Work instruction - Would you restate all of the entries verbatim, minus any images?

Supplied records -
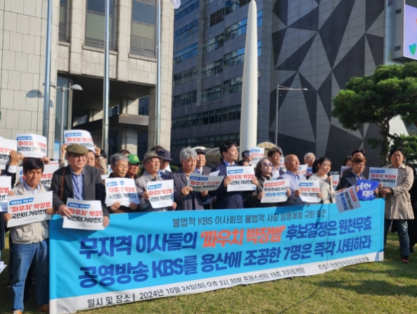 이어 “법원이 2인 체제 방송통신위원회 의결이 위법하다고 판단한 만큼 이진숙-김태규 2인 체제 추천을 받아 임명된 KBS 이사 7명은 차기 사장 후보자를 공모·선출할 자격이 없다. 아울러 공영방송 사장선임 절차로 자리잡은 시민평가 과정을 배제한 것은 국민 목소리를 듣지 않겠다는 점에서 선출과정도 정상적이지 않다”고 지적한 뒤 “KBS를 정권에 헌납한 낙하산 이사 7명은 즉각 사퇴하라. 국회는 국민이 공영방송 KBS의 진정한 주인으로 권한을 행사할 수 있는 제도를 마련하라”고 촉구했다.
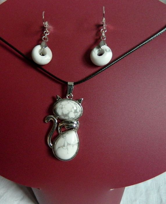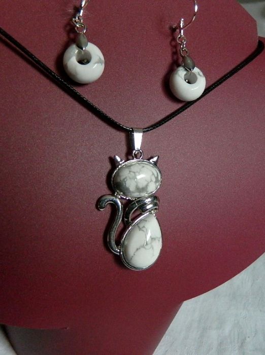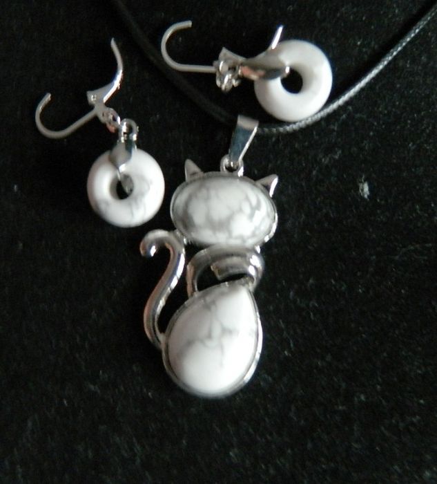 Zadaj pytanie dotyczące produktu: Turkus biały, wisiorek z kotkiem i kolczyki, komplet
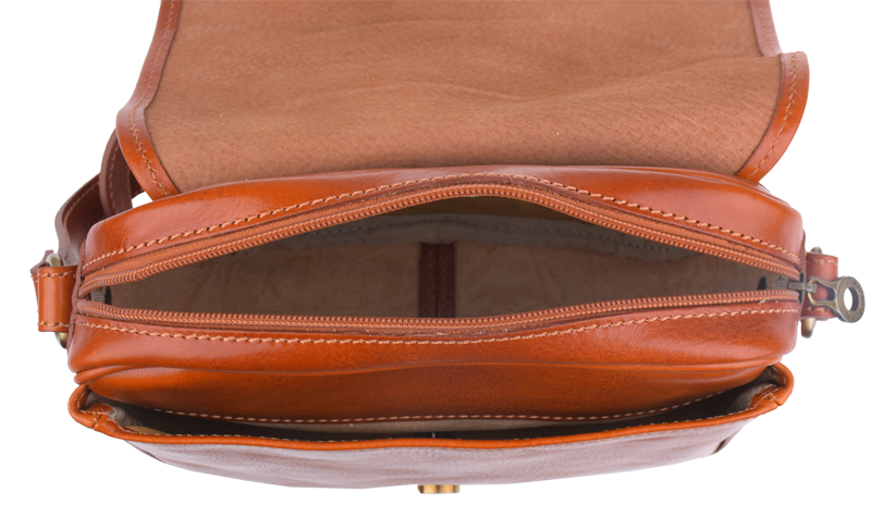 Kožená kabelka v camel barvě. Kabelka se uzavírá pomocí poklopu na patentky. Uvnitř kabelky jsou dvě přihrádky a zavírací kapsa na zip. Délka popruhu je 110 cm. Další barevné varianty naleznete zde.
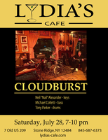 Saturday 7:00 pm to 10:00 pm | Cloudburst, Neil Alexander - keys, Michael Coletti - bass, Tony Parker - drums Funk, Jazz | Lydia's Cafe & Bar 7 Old US Highway 209 Stone Ridge, NY See Map |
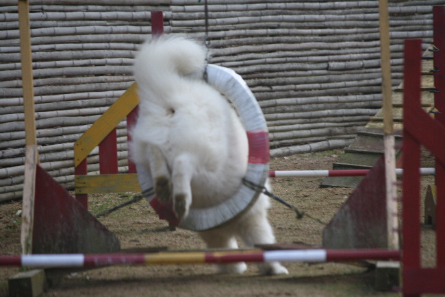 クッキー君もハードルは勿論の事、自分の胴回りほどしかないタイヤくぐりもご覧の通りです。

Solution -
 이어 “법원이 2인 체제 방송통신위원회 의결이 위법하다고 판단한 만큼 이진숙-김태규 2인 체제 추천을 받아 임명된 KBS 이사 7명은 차기 사장 후보자를 공모·선출할 자격이 없다. 아울러 공영방송 사장선임 절차로 자리잡은 시민평가 과정을 배제한 것은 국민 목소리를 듣지 않겠다는 점에서 선출과정도 정상적이지 않다”고 지적한 뒤 “KBS를 정권에 헌납한 낙하산 이사 7명은 즉각 사퇴하라. 국회는 국민이 공영방송 KBS의 진정한 주인으로 권한을 행사할 수 있는 제도를 마련하라”고 촉구했다.
 Zadaj pytanie dotyczące produktu: Turkus biały, wisiorek z kotkiem i kolczyki, komplet
 Kožená kabelka v camel barvě. Kabelka se uzavírá pomocí poklopu na patentky. Uvnitř kabelky jsou dvě přihrádky a zavírací kapsa na zip. Délka popruhu je 110 cm. Další barevné varianty naleznete zde.
 Saturday 7:00 pm to 10:00 pm | Cloudburst, Neil Alexander - keys, Michael Coletti - bass, Tony Parker - drums Funk, Jazz | Lydia's Cafe & Bar 7 Old US Highway 209 Stone Ridge, NY See Map |
 クッキー君もハードルは勿論の事、自分の胴回りほどしかないタイヤくぐりもご覧の通りです。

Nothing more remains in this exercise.